3

I've been trying to design a fast binary exponentiation implementation in OpenCL. My current implementation is very similar to the one in this book about pi.

// Returns 16^n mod ak
inline double expm (long n, double ak)
{
    double r = 16.0;
    long nt;

    if (ak == 1) return 0.;
    if (n == 0) return 1;
    if (n == 1) return fmod(16.0, ak);

    for (nt=1; nt <= n; nt <<=1);

    nt >>= 2;

    do
    {
        r = fmod(r*r, ak);
        if ((n & nt) != 0)
            r = fmod(16.0*r, ak);
        nt >>= 1;
    } while (nt != 0);
    return r;
}

Is there room for improvement? Right now my program is spending the vast majority of it's time in this function.

Bruce Dean
  • 2,798
  • 2
  • 18
  • 30
AnimatedRNG
  • 1,859
  • 3
  • 26
  • 39
  • Any idea of what the general range of the input is? – cactus1 Jan 21 '14 at 01:52
  • n can range up to a million or so. So, a fairly large range of input. – AnimatedRNG Jan 21 '14 at 02:53
  • Is `ak` actually double or an integer? What is it's range? – Aki Suihkonen Jan 21 '14 at 07:07
  • Sorry for the delay - I'm back now. ak is (as far as I can tell) an integer. For some reason, this implementation treats it like a double (perhaps to avoid casting at some point?). I haven't actually tested the entire program with ak as an int instead of a double, so I don't know if making such a switch will reduce its accuracy or affect the performance in a later section. – AnimatedRNG Jan 22 '14 at 02:22

2 Answers2

2

My first thought is to vectorize it, for a potential speed up of ~1.6x. This uses 5 multiplies per loop compared to 2 multiplies in the original, but with approximately a quarter the number of loops for sufficiently large N. Converting all the doubles to longs, and swapping out the fmods for %s may provide some speed up depending on the exact GPU used and whatever.

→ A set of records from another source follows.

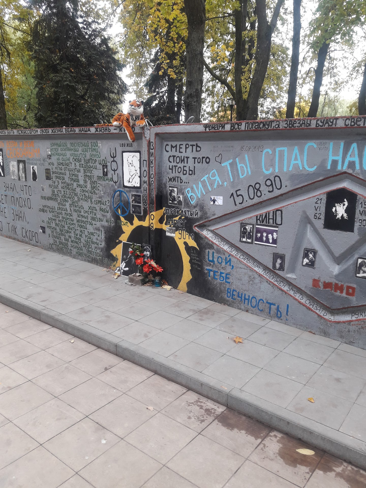 The Tsoi Wall is a graffiti-covered wall in Moscow, dedicated to musician Viktor Tsoi and his band Kino. The wall is located at the house №37, at the intersection of Arbat Street and Krivoarbatsky Lane and is considered one of Moscow's landmarks.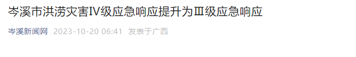 鑒于本輪強(qiáng)降雨過程持續(xù)時(shí)間長、累計(jì)雨量大,局部發(fā)生洪澇災(zāi)害的可能性較大,按照《岑溪市洪澇災(zāi)害應(yīng)急預(yù)案》的有關(guān)規(guī)定,經(jīng)市防汛抗旱指揮部批準(zhǔn),決定于2023年10月20日03時(shí)30分起將岑溪市洪澇災(zāi)害Ⅳ級(jí)應(yīng)急響應(yīng)提升為Ⅲ級(jí)應(yīng)急響應(yīng),請(qǐng)各鎮(zhèn)、各成員單位、各有關(guān)部門單位按照預(yù)案規(guī)定要求,做好各項(xiàng)防御和應(yīng)對(duì)工作,確保安全度汛。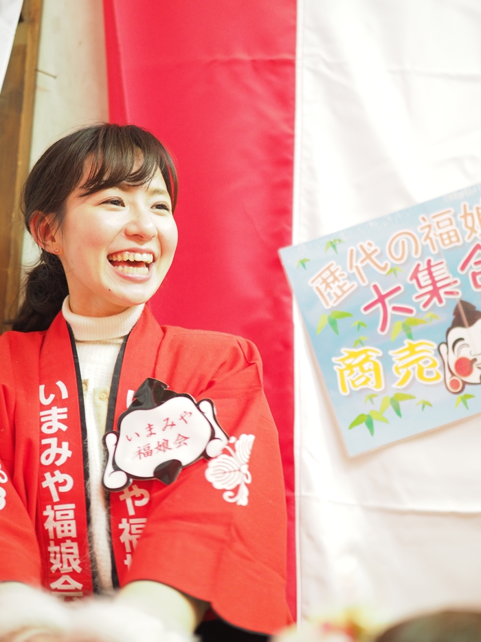 うつくしいひと 福娘 2019_01今宮戎いまみや福娘会 2019年2月1日 Facebook postはてブLINE 通う年数が多くなるごとに楽しみになるのが、いまみや福娘会。 いまみや福娘会というのは、福娘OG、つまり歴代の福娘が加入している会の事です。 つまり、もしかしたら去年一番可愛かったあの福娘に会えるかも!という何ともうれしい会なのです。 とはいえ、名前のわからない方が大半なので、わかる方はぜひコメントをお願いします。 それでは早速ご覧いただきましょう。 左はちあきさんです。 Facebook postはてブLINE

inline double expm(long n, double ak) {

    double4 r = (1.0, 1.0, 1.0, 1.0);
    long4 ns = n & (0x1111111111111111, 0x2222222222222222, 0x4444444444444444,
            0x8888888888888888);
    long nt;

    if(ak == 1) return 0.;

    for(nt=15; nt<n; nt<<=4); //This can probably be vectorized somehow as well.

    do {
        double4 tmp = r*r;
        tmp = tmp*tmp;
        tmp = tmp*tmp;
        r = fmod(tmp*tmp, ak); //Raise it to the 16th power, 
                                       //same as multiplying the exponent 
                                       //(of the result) by 16, same as
                                       //bitshifting the exponent to the right 4 bits.

        r = select(fmod(r*(16.0,256.0,65536.0, 4294967296.0), ak), r, (ns & nt) - 1);
        nt >>= 4;
    } while(nt != 0); //Process n four bits at a time.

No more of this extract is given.